The Long-Term Benefit Trust is not a commercial board seat. It is the body that governs Anthropic's safety mission. That distinction is the key to reading the appointment correctly.
Three signals
Regulated industries are where AI is heading
Two decades inside the FDA and EMA is not transferable to commercial strategy. It is transferable to operating under intense regulatory scrutiny. The EU AI Act is already enforcing against high-risk systems. Individual US states are layering their own AI laws. Longer term, a drug-approval-style pathway for advanced AI systems is no longer a fringe idea. Anthropic is staffing up for that world before it arrives, not after.
Life sciences is a flagship vertical, not a customer segment
Anthropic has been investing heavily in biomedical work: protein design, drug discovery, clinical reasoning. This appointment plants a flag. Regulated healthcare is the place the company wants its technology taken most seriously. That framing shapes investment priorities, capability choices, and the sectors that will see genuine engineering attention rather than generic enterprise sales.
Tech boards need counterweights
Pharmaceutical governance is built around clinical safety, adverse-event reporting, post-market surveillance, and decades of accumulated institutional trust. Silicon Valley defaults are the opposite — speed, iteration, and shipping before the regulatory framework catches up.
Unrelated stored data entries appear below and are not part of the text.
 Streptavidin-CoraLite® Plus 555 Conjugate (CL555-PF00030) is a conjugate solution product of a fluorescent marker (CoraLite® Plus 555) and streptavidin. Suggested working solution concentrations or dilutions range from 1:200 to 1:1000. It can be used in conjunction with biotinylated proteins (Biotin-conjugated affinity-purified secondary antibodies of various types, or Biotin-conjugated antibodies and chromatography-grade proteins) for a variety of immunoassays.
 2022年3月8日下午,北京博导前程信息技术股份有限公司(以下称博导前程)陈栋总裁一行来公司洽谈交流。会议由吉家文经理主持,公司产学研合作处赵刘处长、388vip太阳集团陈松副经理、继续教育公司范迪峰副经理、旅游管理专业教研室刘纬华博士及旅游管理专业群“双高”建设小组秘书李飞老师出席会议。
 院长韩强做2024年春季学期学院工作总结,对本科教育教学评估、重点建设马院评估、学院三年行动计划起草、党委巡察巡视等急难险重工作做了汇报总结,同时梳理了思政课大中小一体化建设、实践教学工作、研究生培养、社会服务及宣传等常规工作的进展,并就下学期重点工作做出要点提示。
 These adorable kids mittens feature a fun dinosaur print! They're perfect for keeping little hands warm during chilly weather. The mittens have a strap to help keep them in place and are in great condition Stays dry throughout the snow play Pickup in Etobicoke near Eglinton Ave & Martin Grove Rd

Importing pharma-style governance at board level is a deliberate cultural hedge, and a credibility signal to policymakers, hospitals, and scientific bodies making procurement decisions right now.
What regulated-sector leaders should actually do about this
If you run a registry, a professional body, a medtech organisation, or any institution whose reputation is staked on rigour, the useful question is not what this means for Anthropic. It is what it means for how you should be approaching AI over the next twelve months. Four practical moves.
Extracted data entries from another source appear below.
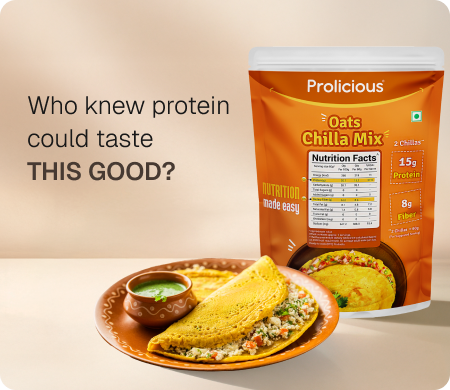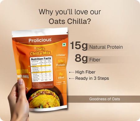 Make breakfast lip-smacking, nutritious, & convenient with our Oats Chilla Mix. Packed with 15g of natural protein and 8g of fiber in just two chillas, Prolicious Oats Chilla Mix is your perfect high-protein breakfast fix. Made with real, wholesome ingredients, it’s a deliciously satisfying way to start your mornings — nourishing, convenient, and loved by the whole family.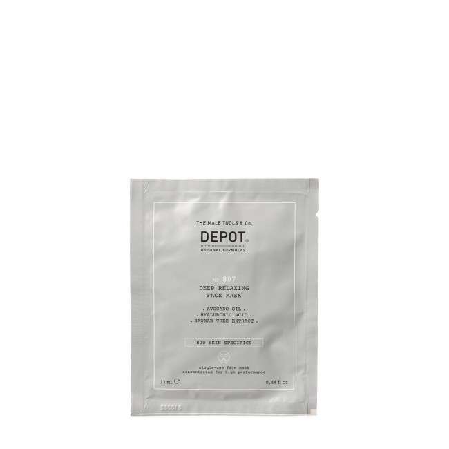 Описание Успокаивающая маска для лица и шеи Depot 807 DEEP RELAXING FACE MASK (12 саше по 13 мл)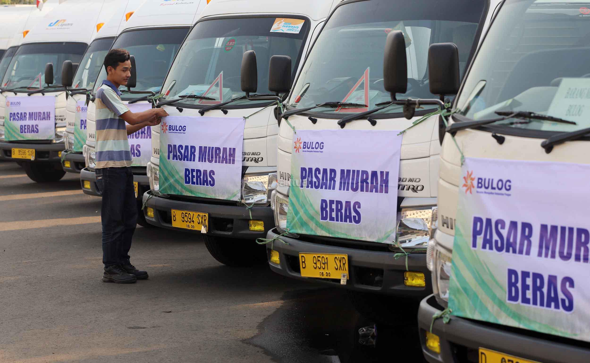 Bulog melepas 30 truk yang terdiri dari 21 truk beras sejumlah 140 ton yang kami sebar ke pasar-pasar tradisional DKI, dan pasar induk Cipinang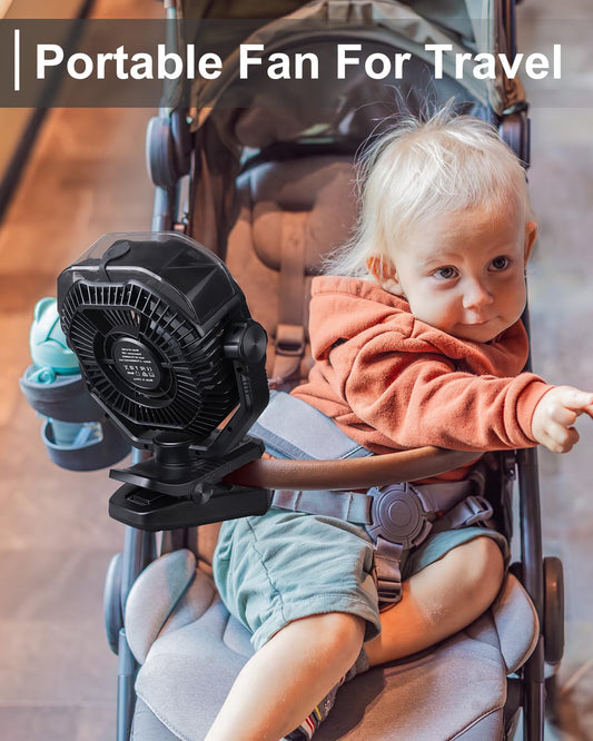 Portable Stroller Mini Fan, Small Rechargeable Personal Fan, Baby Travel Essentials for Wagon, Car Seat, Treadmill, Battery Powered Biking Gear Accessories, 360° Rotation, 3-Speed, Display, Black

- Stop waiting for AI to "be ready." The framing that regulated sectors are downstream of general AI maturity is wrong. Serious AI developers are building toward your standards. The gap between what is technically possible and what is safe to deploy in your environment is closing faster than the passive read suggests.
- Audit your content, governance, and data for AI-readiness. Professional bodies and registries carry decades of structured and semi-structured information that is currently locked in PDFs, legacy databases, and institutional knowledge. The organisations that surface this properly over the next year will set the reference standard for how AI is used in their niche. The ones that do not will inherit whatever a general-purpose tool decides to do with their content.
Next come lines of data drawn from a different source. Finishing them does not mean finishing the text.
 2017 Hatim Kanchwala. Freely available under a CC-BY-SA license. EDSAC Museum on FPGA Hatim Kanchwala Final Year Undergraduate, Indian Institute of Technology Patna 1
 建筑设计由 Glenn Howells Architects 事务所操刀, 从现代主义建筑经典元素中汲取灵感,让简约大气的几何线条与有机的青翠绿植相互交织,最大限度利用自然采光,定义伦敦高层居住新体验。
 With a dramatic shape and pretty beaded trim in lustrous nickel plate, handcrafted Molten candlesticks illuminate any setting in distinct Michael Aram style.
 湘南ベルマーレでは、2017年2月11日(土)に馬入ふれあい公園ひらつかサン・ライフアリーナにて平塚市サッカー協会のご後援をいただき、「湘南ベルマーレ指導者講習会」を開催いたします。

- Engage with AI governance now, not after your regulator moves. Waiting for sector-specific guidance before engaging is the common default. The organisations that contribute to the framing while it is still being written end up shaping it, not reacting to it.
- Treat AI as a sector question, not an IT question. The appointment of a pharma CEO to an AI safety board is not a story about pharma. It is a story about the governance, language, and institutional habits of regulated industries becoming the template for how serious AI gets built. Your sector has a voice in that conversation. Use it.
The bigger picture
The next phase of AI competition will not be won on raw capability. It will be won on whether the technology can genuinely be trusted inside regulated, high-stakes industries. Anthropic has made the first serious governance move in that direction. Others will follow. Regulated sectors that engage early will be the ones that set the terms.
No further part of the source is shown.